RE Module Performance

Thu Jul 25 06:14:46 EDT 2013

On Thu, Jul 25, 2013 at 7:27 PM,  <wxjmfauth at gmail.com> wrote:
> A coding scheme works with a unique set of characters (the repertoire),
> and the implementation (the programming) works with a unique set
> of encoded code points. The critical step is the path
> {unique set of characters} <--> {unique set of encoded code points}

That's called Unicode. It maps the character 'A' to the code point
U+0041 and so on. Code points are integers. In fact, they are very
well represented in Python that way (also in Pike, fwiw):

>>> ord('A')
65
>>> chr(65)
'A'
>>> chr(123456)
'\U0001e240'
>>> ord(_)
123456

> In the byte string world, this step is a no-op.
>
> In Unicode, it is exactly the purpose of a "utf" to achieve this
> step. "utf": a confusing name covering at the same time the
> process and the result of the process.
> A "utf chunk", a series of bits (not bytes), hold intrisically
> the information about the character it is representing.

No, now you're looking at another level: how to store codepoints in
memory. That demands that they be stored as bits and bytes, because PC
memory works that way.

> utf32: as a pointed many times. You are already using it (maybe
> without knowing it). Where? in fonts (OpenType technology),
> rendering engines, pdf files. Why? Because there is not other
> way to do it better.

And UTF-32 is an excellent system... as long as you're okay with
spending four bytes for every character.

> See https://groups.google.com/forum/#!topic/comp.lang.python/XkTKE7U8CS0

I refuse to click this link. Give us a link to the
python-list at python.org archive, or gmane, or something else more
suited to the audience. I'm not going to Google Groups just to figure
out what you're saying.

> If you are not understanding my "editor" analogy. One other
> proposed exercise. Build/create a flexible iso-8859-X coding
> scheme.

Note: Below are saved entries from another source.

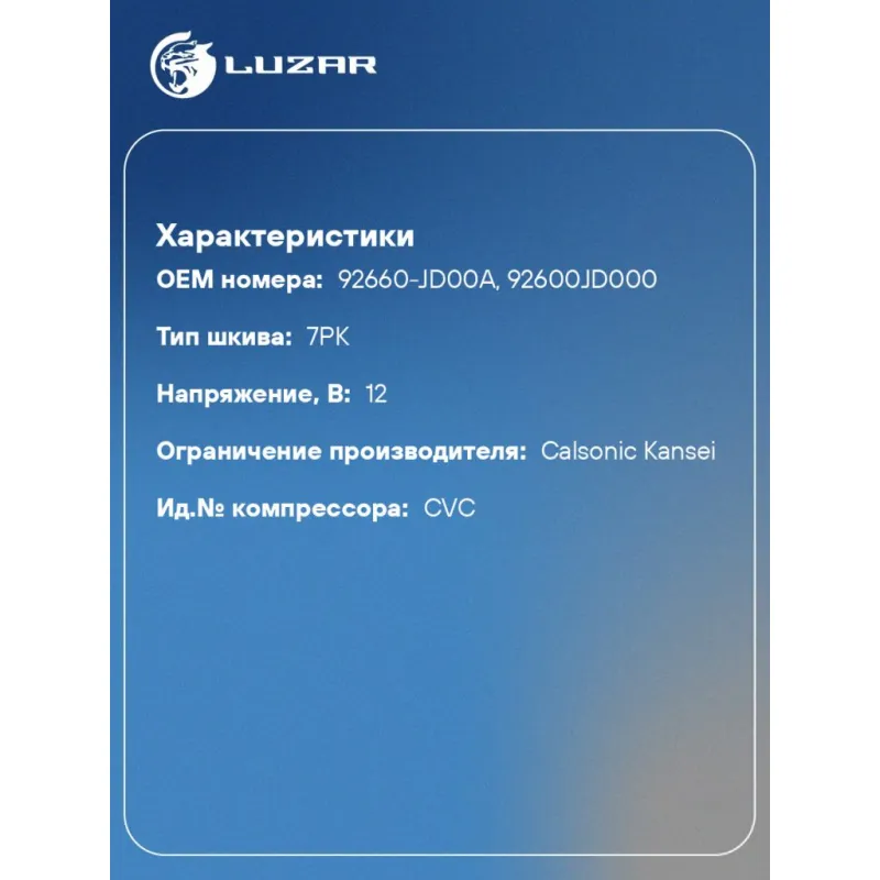 | Совместим с компрессорами кондиционера | 92600JD000, 92660-JD00A |
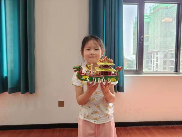 本次活动由叙端午、拼龙舟两个环节组成。活动现场,社工先向大家讲述端午节包粽子、赛龙舟的由来,让孩子们对端午节有一个更加清晰的认知,随后,现场工作人员为孩子们发放手工材料包,详细讲解制作龙舟的步骤和需要注意的事项。拿到材料包后,孩子们和家长按照图纸将眼睛、龙须、龙鳞等零件粘贴到龙舟上做装饰,用多余材料给龙舟进行改造,经过孩子们和家长的装饰,一个个龙舟成品呈现在大家眼前。“很开心,既动脑又动手,还能通过制作龙舟了解更多的中国传统文化。”参加的小朋友拿着自己一个多小时做成的成品,高兴地说道。
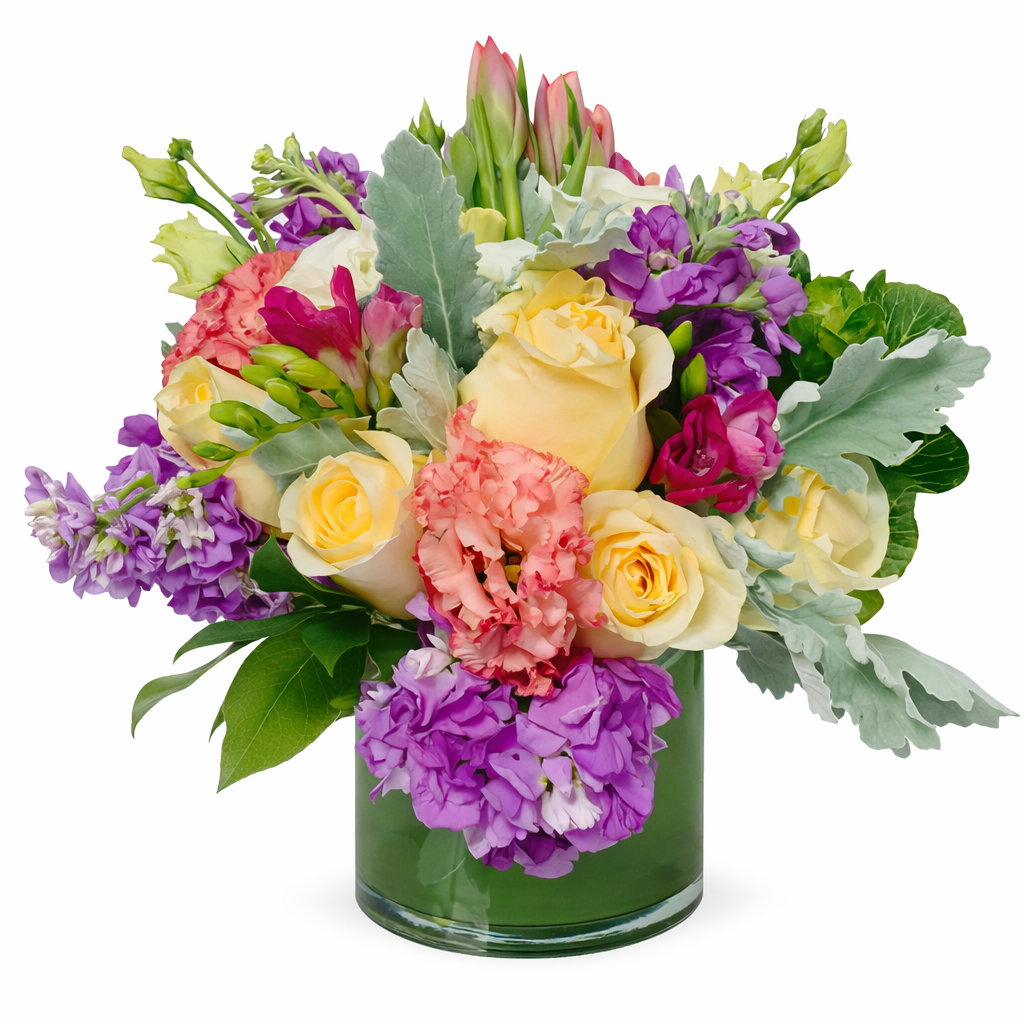 Looking for something special? This arrangement fits the bill with its gorgeous colors and lovely mix of flowers including roses, lisianthus, stock and other seasonal flowers (8'' tall and 8'' across). It's feminine touches are sure you make your lady feel loved!
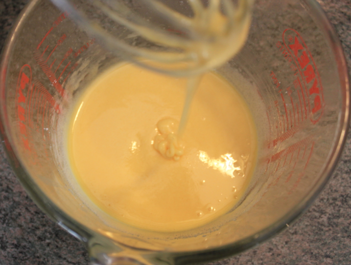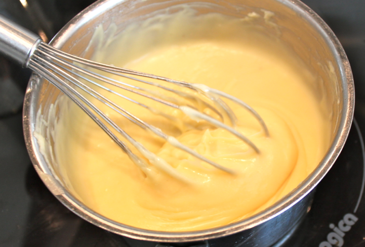 Fouetter sans interruption la préparation à feu moyen à vif. La préparation va vite épaissir et prendre une belle couleur jaune. Continuer à fouetter.
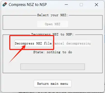 3.点击后显示如下界面,按照下面的提示打开NSZ文件,准备开始转换。

You will quickly understand where the bottleneck
> is.
> Two working ways:
> - stupidly with an editor and your fingers.
> - lazily with a sheet of paper and you head.

What has this to do with the editor?

> There is a clear difference between FSR and ucs-4/utf32.

Yes. Memory usage. PEP 393 strings might take up half or even a
quarter of what they'd take up in fixed UTF-32. Other than that,
there's no difference.

ChrisA